> LISTED RECORDS
══════════════════════════════

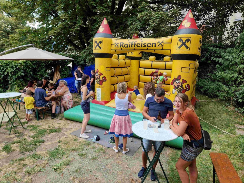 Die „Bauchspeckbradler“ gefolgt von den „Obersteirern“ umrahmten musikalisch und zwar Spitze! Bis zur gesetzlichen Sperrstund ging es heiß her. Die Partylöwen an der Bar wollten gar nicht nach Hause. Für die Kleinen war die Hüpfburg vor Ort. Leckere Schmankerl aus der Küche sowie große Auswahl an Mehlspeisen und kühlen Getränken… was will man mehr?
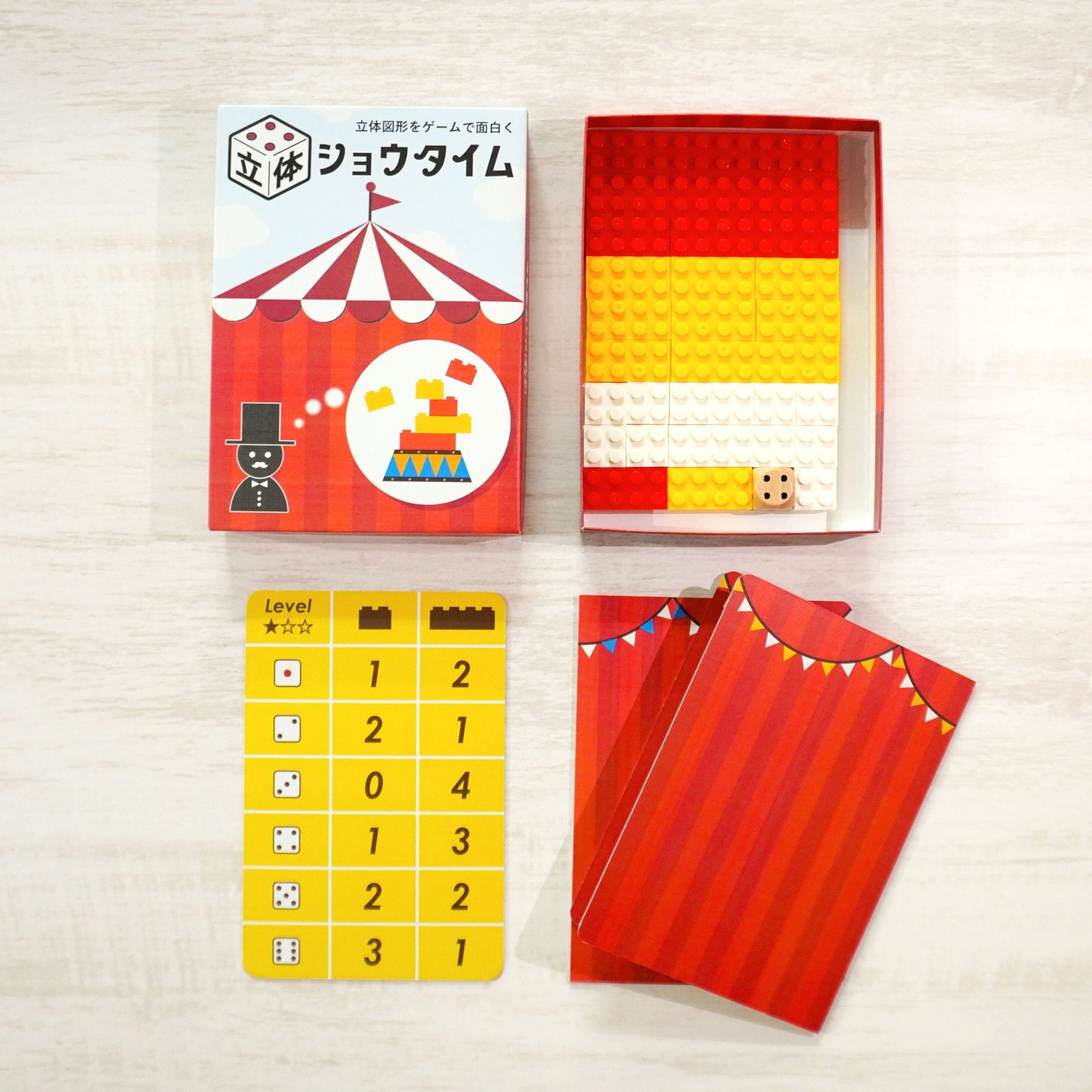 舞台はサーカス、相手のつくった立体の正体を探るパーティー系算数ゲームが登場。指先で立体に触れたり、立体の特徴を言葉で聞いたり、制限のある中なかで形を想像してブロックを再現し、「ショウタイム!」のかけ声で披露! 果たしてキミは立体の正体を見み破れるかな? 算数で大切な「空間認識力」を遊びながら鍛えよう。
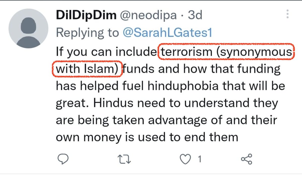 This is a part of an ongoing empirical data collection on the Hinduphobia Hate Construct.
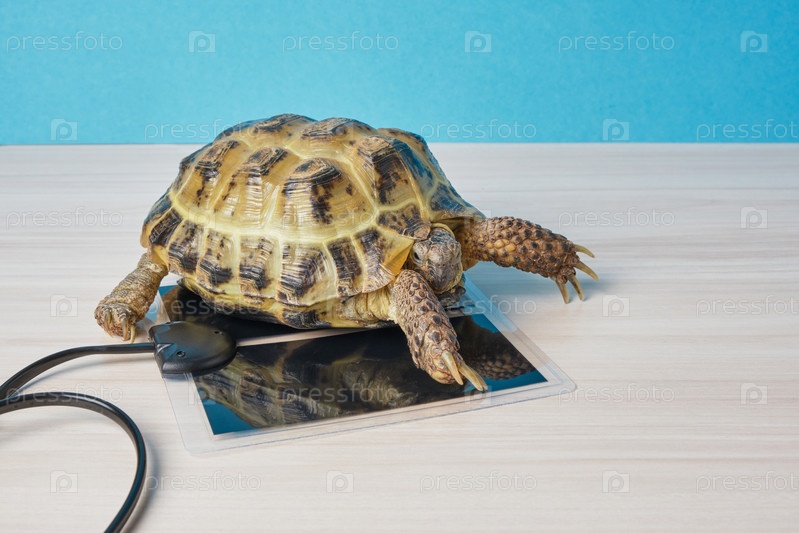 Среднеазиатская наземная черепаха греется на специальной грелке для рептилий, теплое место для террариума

══════════════════════════════

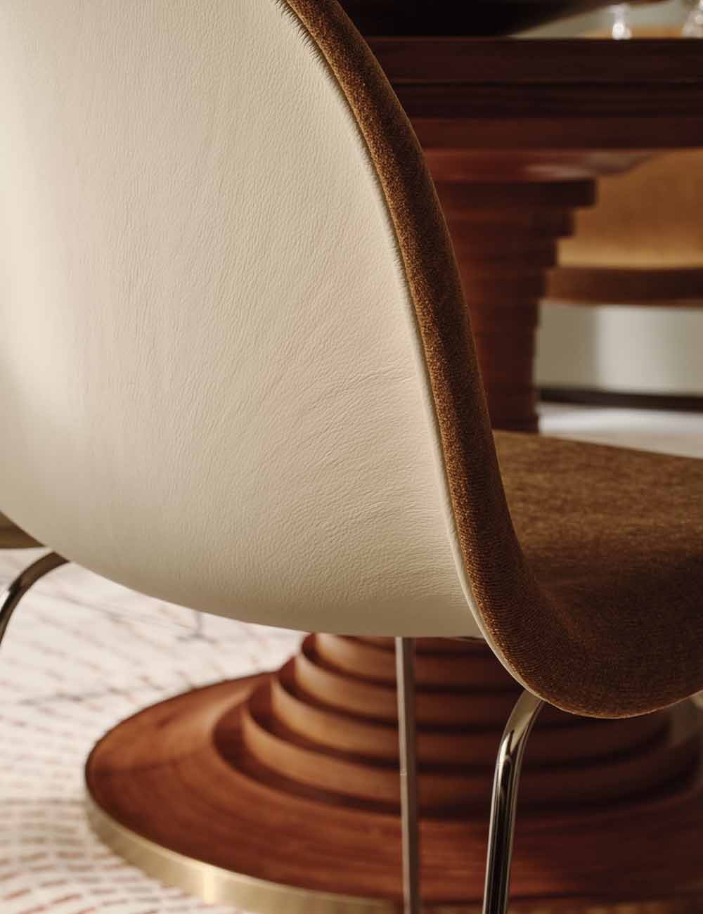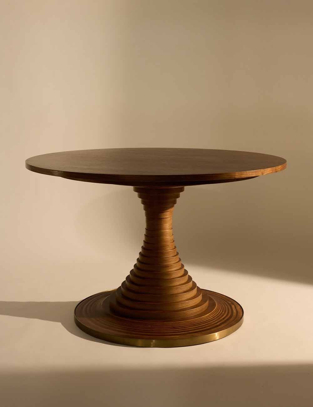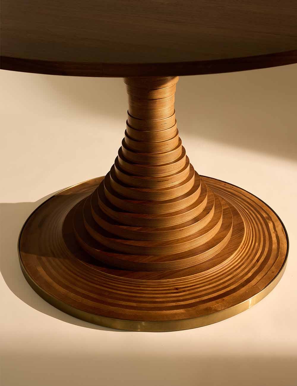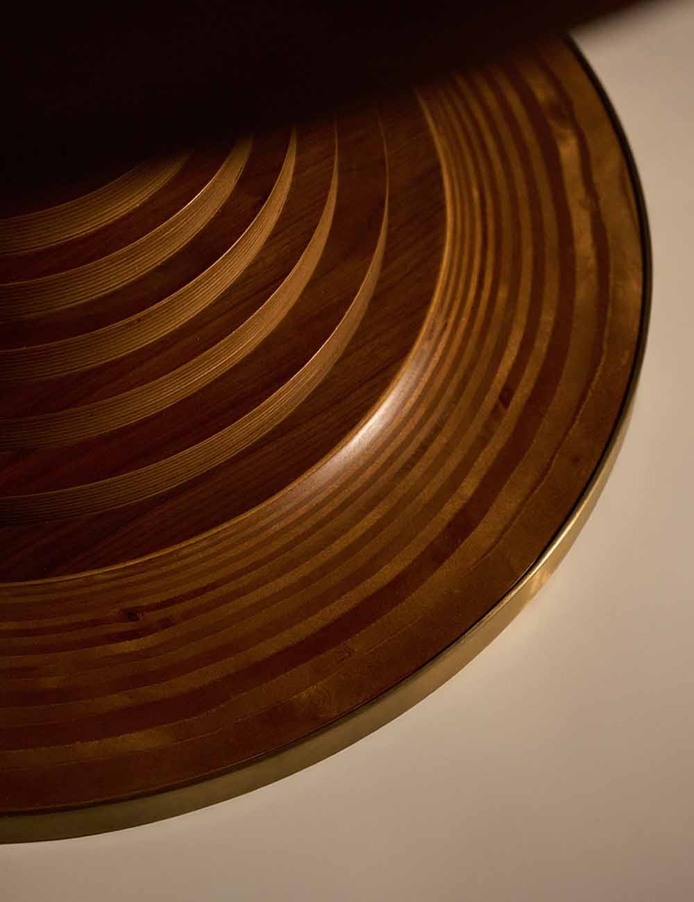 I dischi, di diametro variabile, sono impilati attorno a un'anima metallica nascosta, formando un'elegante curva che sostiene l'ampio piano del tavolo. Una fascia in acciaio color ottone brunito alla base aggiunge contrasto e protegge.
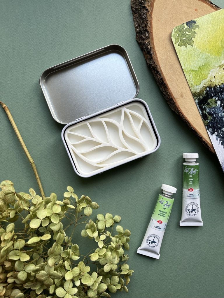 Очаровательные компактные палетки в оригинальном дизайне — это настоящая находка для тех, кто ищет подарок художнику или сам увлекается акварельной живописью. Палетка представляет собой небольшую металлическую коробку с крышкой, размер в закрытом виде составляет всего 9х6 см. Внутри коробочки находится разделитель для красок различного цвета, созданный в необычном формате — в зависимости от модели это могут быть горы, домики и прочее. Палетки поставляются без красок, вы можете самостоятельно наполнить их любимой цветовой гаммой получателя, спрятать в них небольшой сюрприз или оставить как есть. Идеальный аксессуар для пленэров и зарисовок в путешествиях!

══════════════════════════════

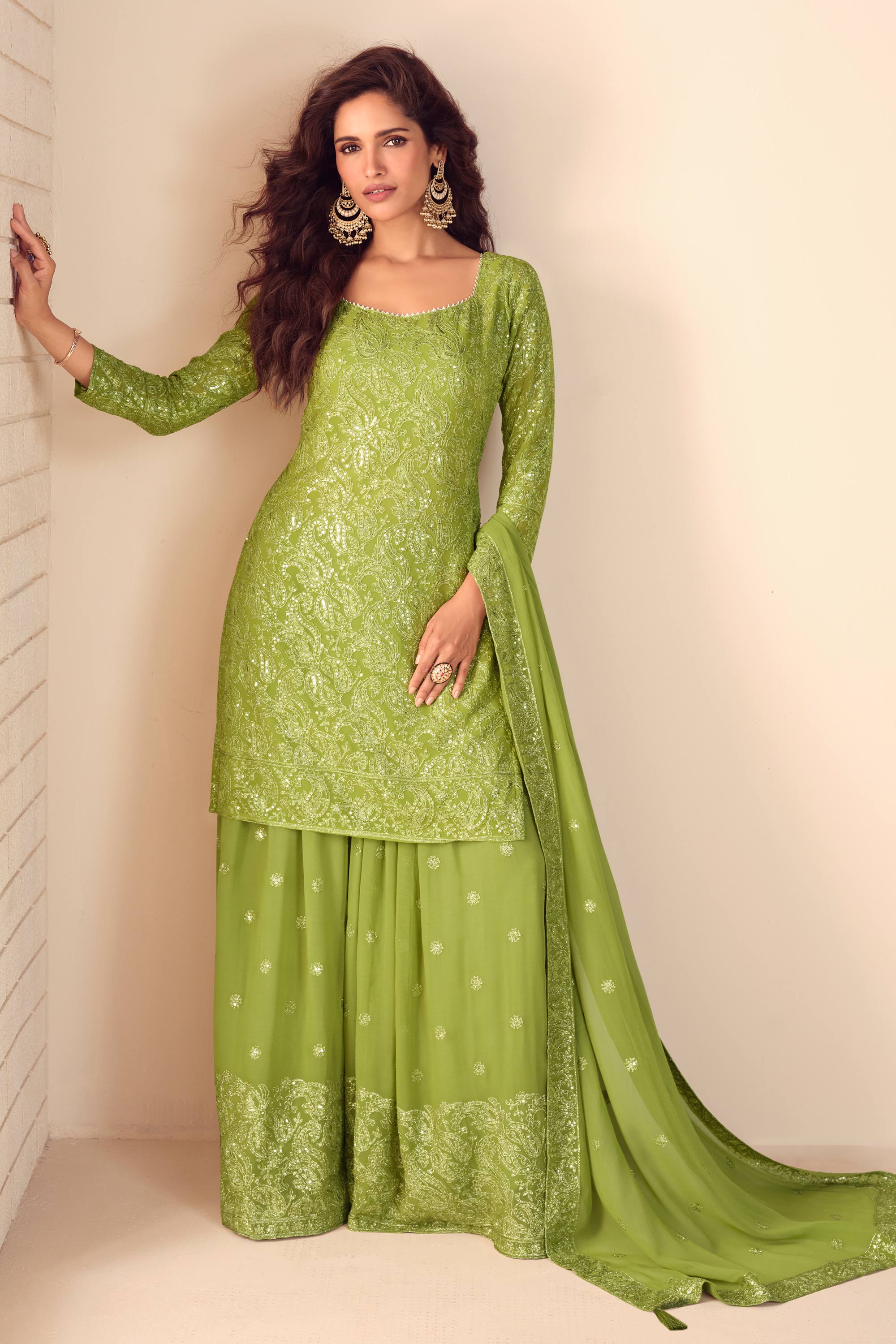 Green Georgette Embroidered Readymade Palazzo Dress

══════════════════════════════

> EXERCISE
Where a picture appears in the records above, omit it, and transcribe exactly the stretch of lines from the one with "will man mehr?" through the one with "Среднеазиатская наземная черепаха".

> OUTPUT
 Die „Bauchspeckbradler“ gefolgt von den „Obersteirern“ umrahmten musikalisch und zwar Spitze! Bis zur gesetzlichen Sperrstund ging es heiß her. Die Partylöwen an der Bar wollten gar nicht nach Hause. Für die Kleinen war die Hüpfburg vor Ort. Leckere Schmankerl aus der Küche sowie große Auswahl an Mehlspeisen und kühlen Getränken… was will man mehr?
 舞台はサーカス、相手のつくった立体の正体を探るパーティー系算数ゲームが登場。指先で立体に触れたり、立体の特徴を言葉で聞いたり、制限のある中なかで形を想像してブロックを再現し、「ショウタイム!」のかけ声で披露! 果たしてキミは立体の正体を見み破れるかな? 算数で大切な「空間認識力」を遊びながら鍛えよう。
 This is a part of an ongoing empirical data collection on the Hinduphobia Hate Construct.
 Среднеазиатская наземная черепаха греется на специальной грелке для рептилий, теплое место для террариума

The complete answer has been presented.